Fri Jan 28 16:00:13 EST 2011

A few more kinks have been worked out, and aur.kmkeen.com is fully
synced once more.  New features:

A bundle of all pkgbuilds (updated daily) at
http://aur.kmkeen.com/all_pkgbuilds.tar.xz
It is around 5 MB.

A regex search.  Names only (descriptions later).  In the spirit of
Arch, netcat is the only supported client.
 > echo 'names .*pac.*' | nc aur.kmkeen.com 1819
It uses Python regex.

On 1/27/11, Loui Chang <louipc.ist at gmail.com> wrote:
> I thought it might be a good idea to just give some
> resourceful users convenient access to the data

Well, there is no filtering by user agent, so that is pretty
convenient already.  You can easily download everything except for who
voted for what.

There are two main groups of people interested in mirrors.  First
group represents probably the majority* of the interest, and they are
easy to appease.  They want ABS for the AUR, possibly for bulk static
analysis.  Could be something as trivial as counting the number of
"return 1" or as heavy as testing a new pkgbuild parser against the
scariest pkgbuilds known to man.  The all_pkgbuilds bundle is meant
for them.

* Sample size three.  There is not much interest.
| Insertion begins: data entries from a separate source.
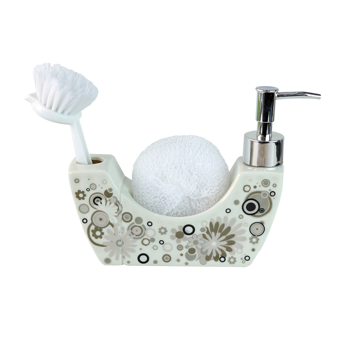 KIT PORTA SABONETE LÍQUIDO PORCELANA COM ESCOVA E ESPONJA - JRB21812-B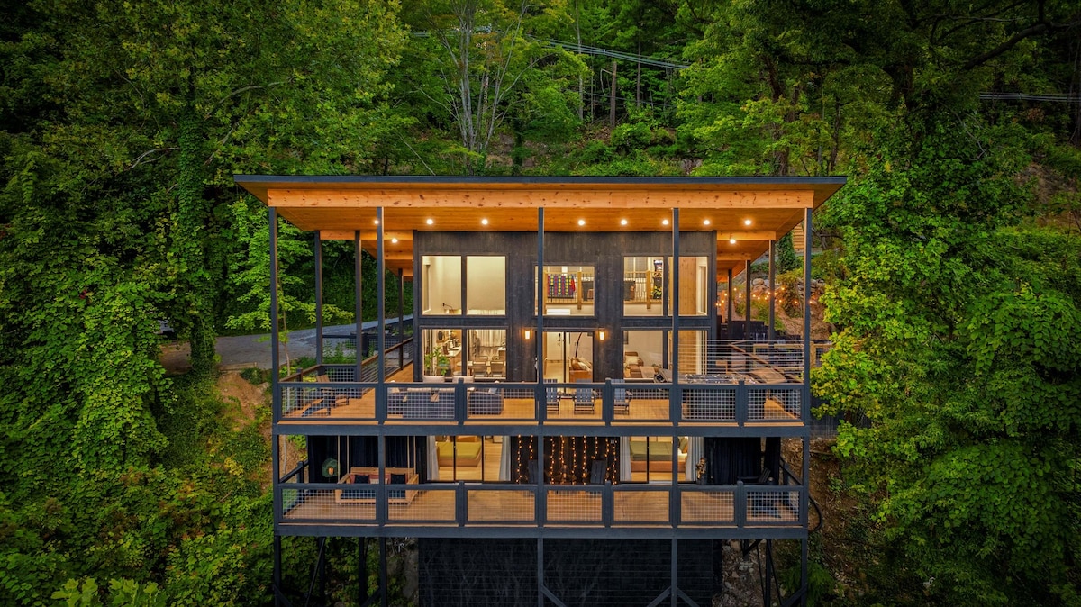 Newly built cabin in the Great Smoky Mountains. With accommodations for up to 12 guests, this unique mountain retreat offers 2 suites, a bonus room, 3 full bathrooms, and 2 half bathrooms. This 2,900 sqft cabin is outfitted with comfortable living and dining areas, fireplace, fully equipped kitchen, game room, theater, patios, balcony, and a spacious deck, where you can gather around the grill, or heated swim spa.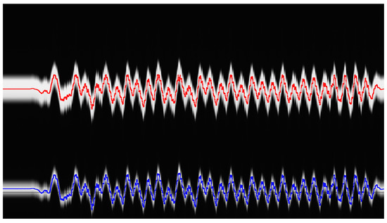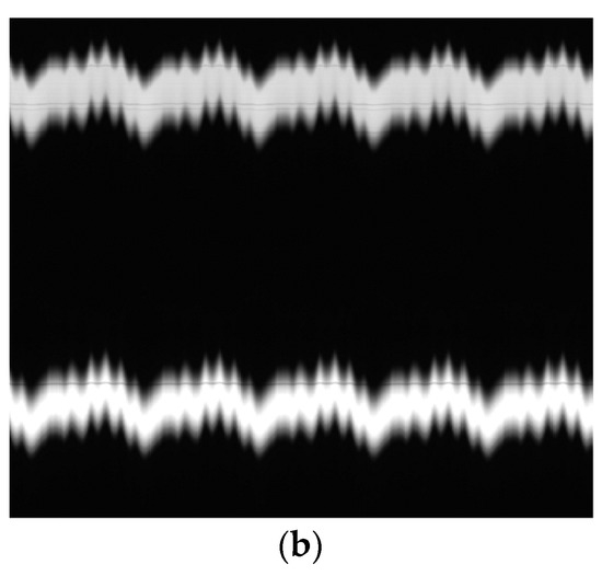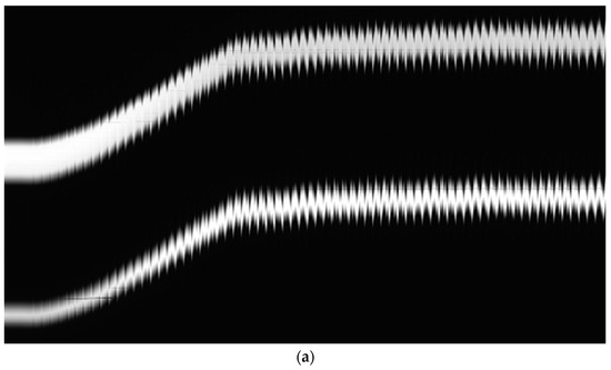 With this setup, each experiment consists of a set of linear frames representing the position of the pantograph and the wire in a grayscale linear image at each HIL simulation step. Linear image frames are arranged in columns to build a 2D image that represents the experiment’s performance, as shown in Figure 6.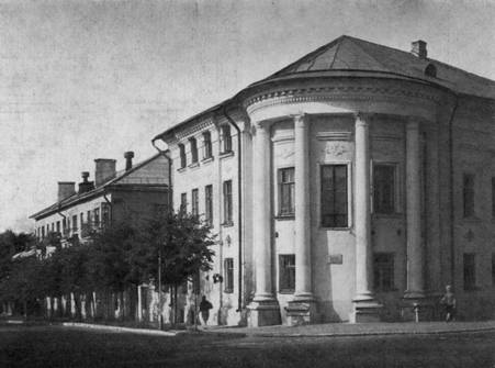 Бывший дом Сунгулова (Советская улица, № 33), построенный в начале XIX в., повторяет уже известную композицию двухэтажного дома с рустованным первым этажом и сдержанной декорацией второго (илл. 98). На его фасаде в замковых камнях окон помещены львиные маски — прием, обычный для архитектуры этого времени, но в Костроме встречающийся редко. Бывший дом Королева (Советская улица, № 39) представляет собой городскую усадьбу, состоящую из центрального большого дома и двух флигелей (илл. 87, 88). Главный дом имеет по фасаду 10 окон, что противоречит каноническому правилу классицизма, по которому на фасаде должно быть нечетное число окон. Дом, видимо, предназначался для заселения двумя семьями, и поэтому капитальная стена, делившая его, могла быть поставлена только в простенке. Парадные комнаты, расположенные по уличному фасаду, высокие, комнаты же, окнами выходящие во двор, низкие, так как имеют над собой антресольный этаж.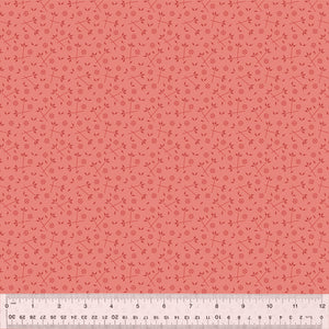 Dette print er rosa i bunden med et fladedækkende tone-i-tone-print i mørkere rosa af små grene og blade. Et rigtig fint basisstof.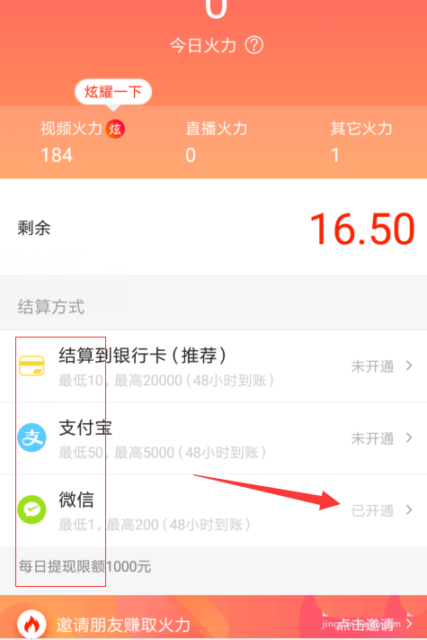 3、這個(gè)是我們剩余的沒有提現(xiàn)的火力,然后下方有三種提現(xiàn)方式,支付寶,銀行卡和微信,有不同的金額要求。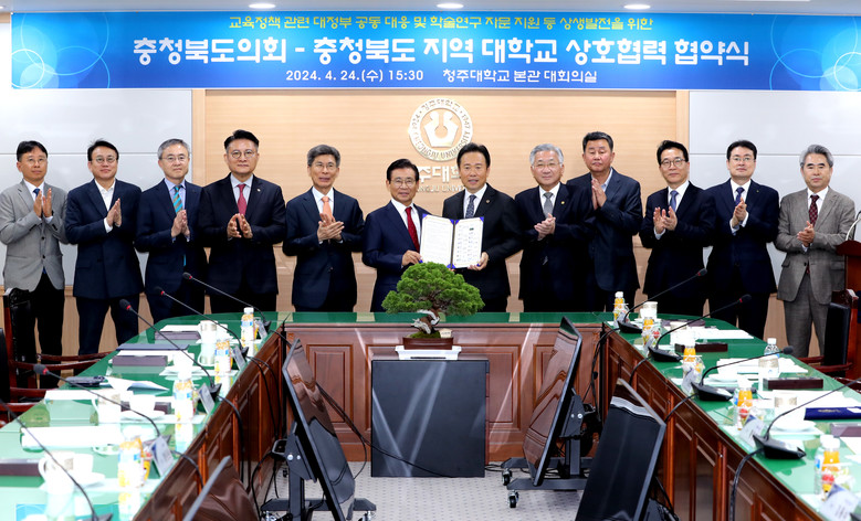 [충북 세계타임즈=이현진 기자] 충북도의회(의장 황영호)는 24일 청주대학교 대회의실에서 도내 17개 대학과 지역대학 발전을 위한 상호협력 협약을 체결했다.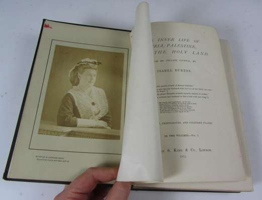 The inner life of Syria, Palestine, and the Holy Land. London: Henry S. King & Co., 1875. 2 volumes, 8vo, 2 photographic frontispieces, 2 colour plates, folding map, original cloth, slight fading to spines, a little cloth lacking on volume 2 (2)
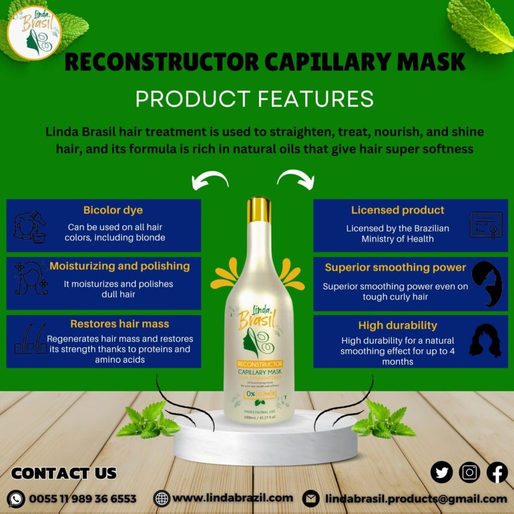 Revitalize and transform your hair with Linda Brasil Reconstructor Capillary Mask. Enriched with natural oils, proteins, and amino acids, it deeply nourishes, strengthens, and smooths even the toughest curls. This professional-grade treatment restores hair mass, adds lasting shine, and leaves your hair soft, healthy, and manageable for up to 4 months. Suitable for all hair colors, including blonde, and fully licensed by the Brazilian Ministry of Health, it delivers superior results with every use.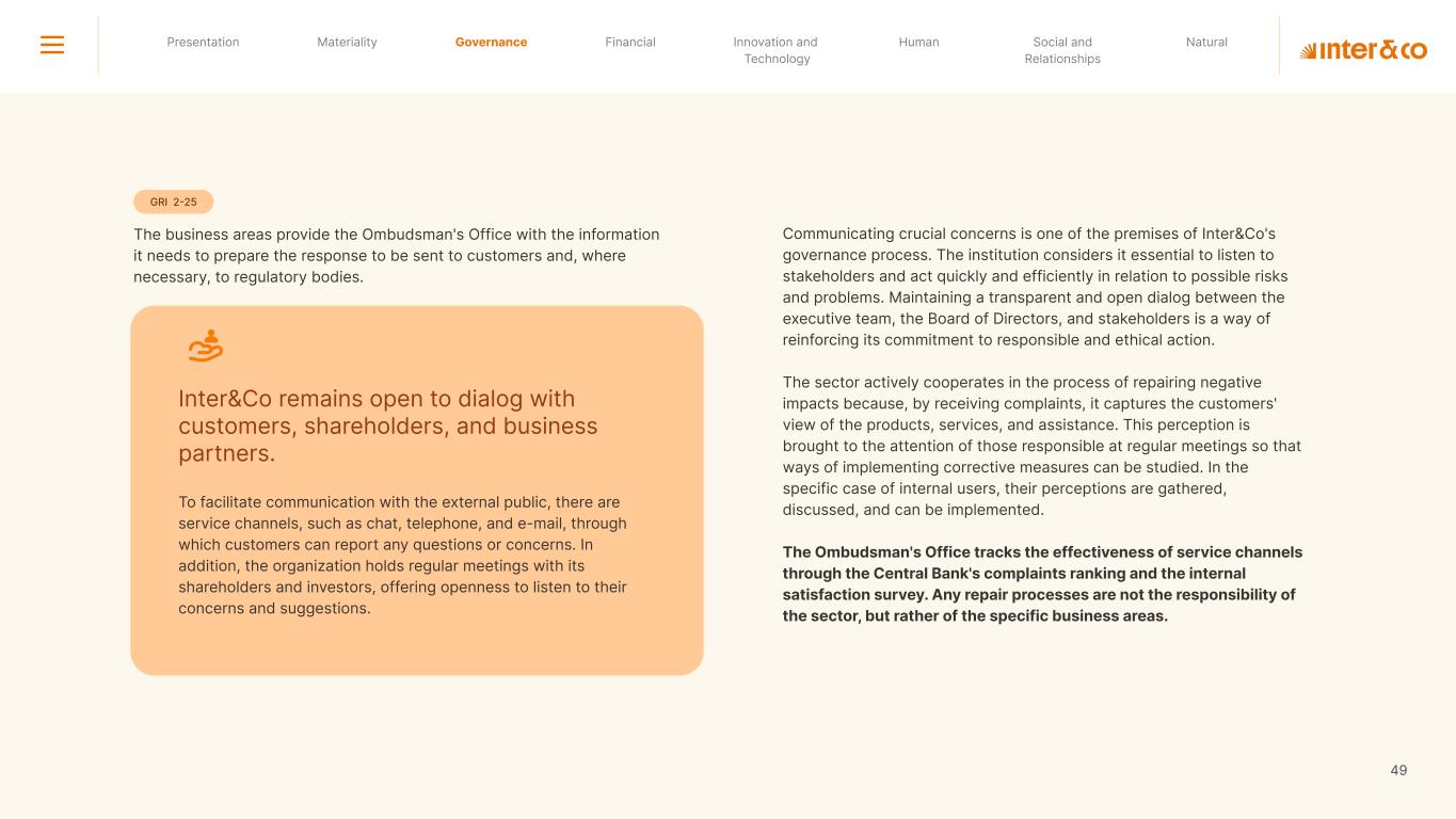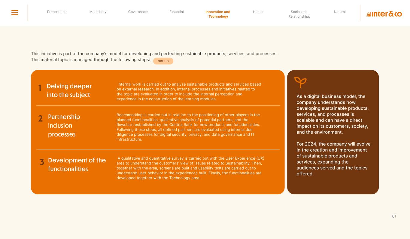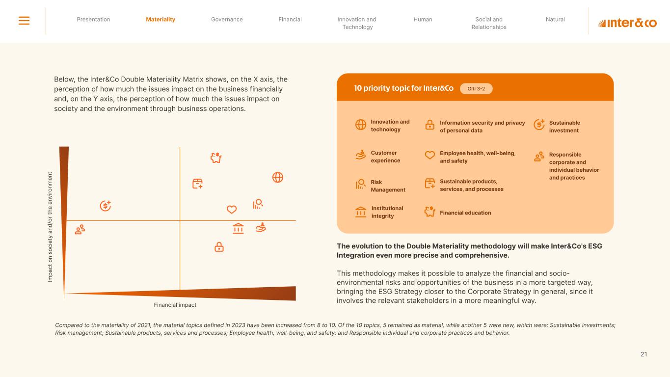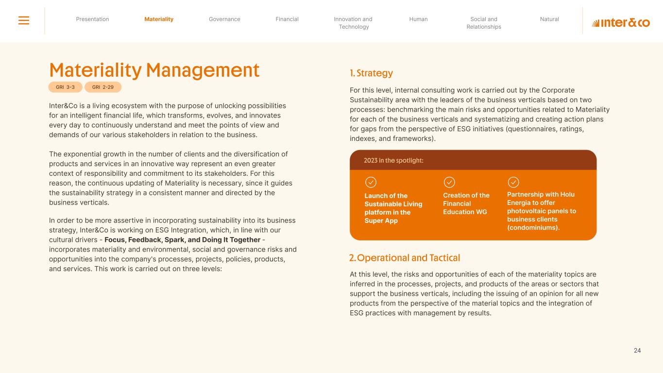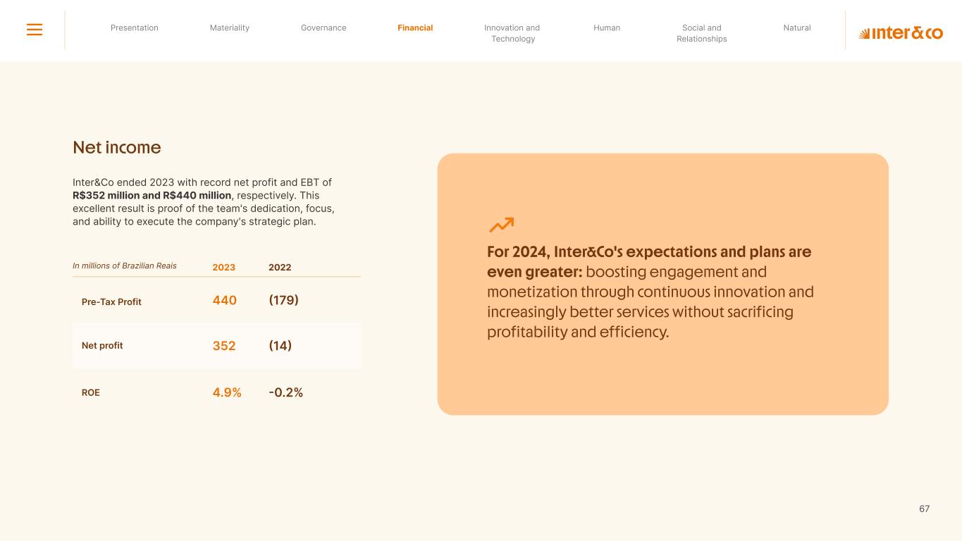 1.200 #SangueLaranjas (internal stakeholders) 3rd Round of Feedback from Stakeholders billion 54.5% 30 million54% 8.1 5% Activation rate (+300bps YoY) Total Gross Revenue (+35% YoY) (-18p.p YoY) Efficiency Index Total number of Customers (+19% YoY) (+5,1 p.p YoY) ROE billion points generated 3.4 5.4 active customers million +Internal workshops +Interviews with stakeholders Alignment with the SDGs The SDG Radar reflects deployment of the priorities identified in the development of Double Materiality in the vision and language of the 2030 Agenda. The more relevant it is to Inter&Co, the more space the SDG has on the Radar. 8.261 stakeholders responded to the online survey 7.061 outside stakeholders The year 2023 was the starting point for the 60-30-30 Plan* and exceptional financial results have already been achieved. The gateway for customers into the world of investments. Inter&Co's points program that provides access to multiple benefits. Meu Porquinho (“My Piggybank”) Loop 1.333.345 customers used the product 44% of customers used Meu Porquinho (“My Piggybank”) as their first investment with Inter&Co. A compass of impact for the company, it defines the main financial, environmental, social, and governance risks and opportunities. 02 2023 *It is a five-year strategic plan that guides the entire company in its quest to reach 60 million customers, achieve an efficiency rate of 30%, and deliver a return on equity (ROE) of 30% by 2027. Launched with success and high customer adoption New products Finance Materiality 2023 Annual Report | Pocket Version Download the full report 10 material topics structured in the Double Materiality Matrix
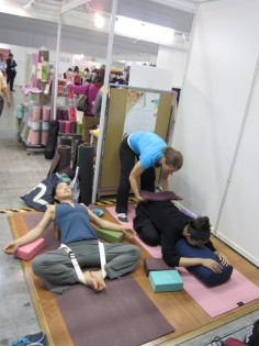 そんな中、沢山あるブースの中からヨガワークスのブースにお越し頂いた皆さま、本当にありがとうございました。初めてのヨガマットを求めて、2枚目のヨガマットやブロック、ボルスターをお試しに…。 と色んな方と触れ合うことができたスペースになりました。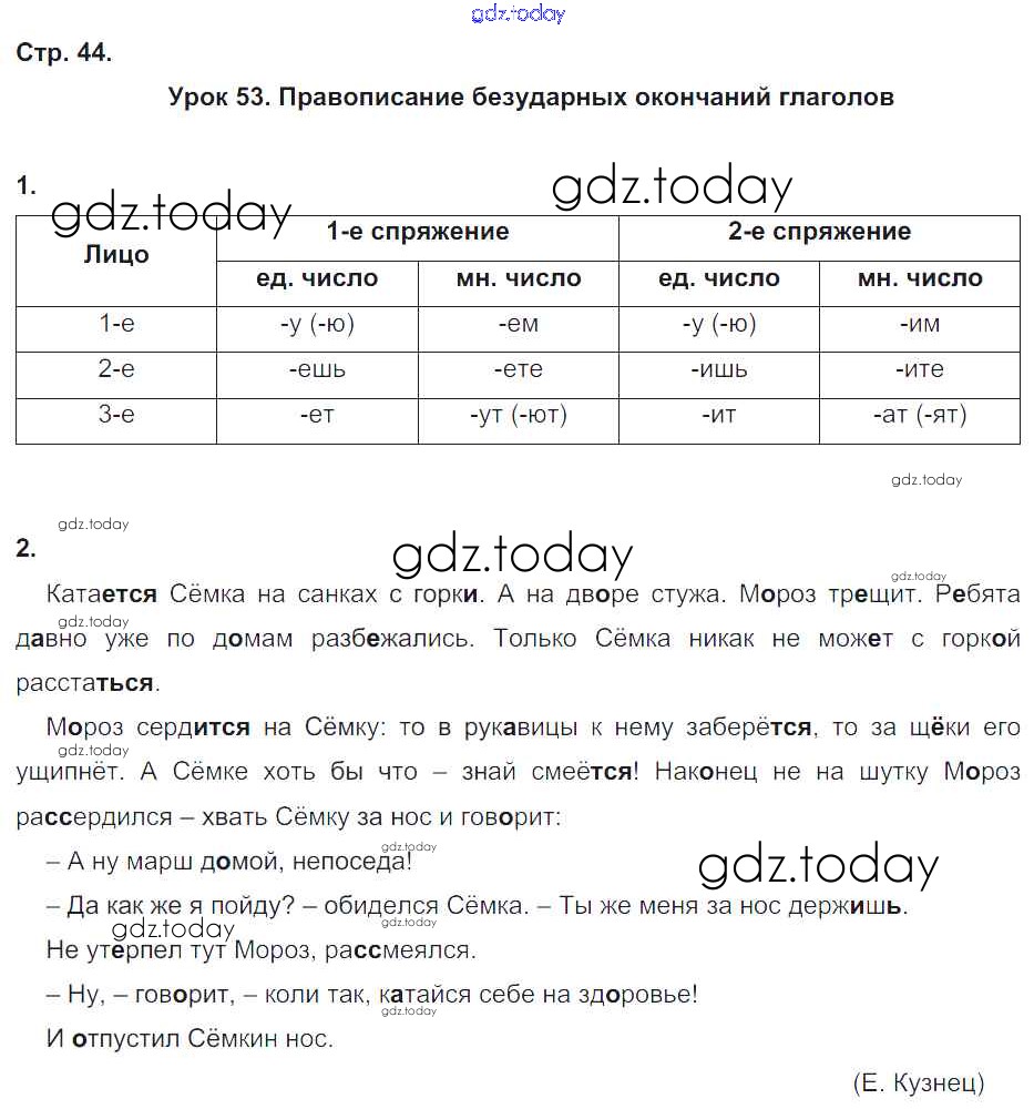 На страницах сайта gdz.today вы найдете учебный и вспомогательный материал, направленный на улучшения знаний школьной программы. ГДЗ - онлайн мир знаний Решение. Часть 1. Страница 44 Рабочей тетради по Русскому языку для 4 класса Кузнецова Вентана-граф Начальная школа XXI века 2018

The other group of people (sample size two) will never be happy.  They
want a mirror, and they will never be happy because there will always
be lag behind the original.  Right now I am mirroring by hitting the
RSS every minute.  The RSS window is tiny, and I've seen a single
person swamp it with a bulk update.  Stuff like deletions or comments
are hard to get and require a brute force scan.  Mine loops through
everything each 24 hours.  If I kill all the delays and multithread
it, a clone can be hammered out in 30 minutes.  Brute force scanning
kind of sucks.  Figuring out if a package has been deleted is the most
complicated bit of logic in my crawler, and I am not 100% certain it
works properly.

> I'd like to test a theory that one reason we haven't seen much
> development is because all the data is held hostage on the AUR server.

The AUR is hardly a walled garden.  If you want the data, you can get
it with minimal effort.  (Two lines of bash for the download.)  I am
more likely to credit apathy or inertia.

> Also, do you have an scm repo with the code you've used to implement
> your interface? Thanks.

Yes, but not public.  I've done enough horrible things to the AUR, an
accidental DDoS is the last thing I need on my shoulders.

-Kyle
http://kmkeen.com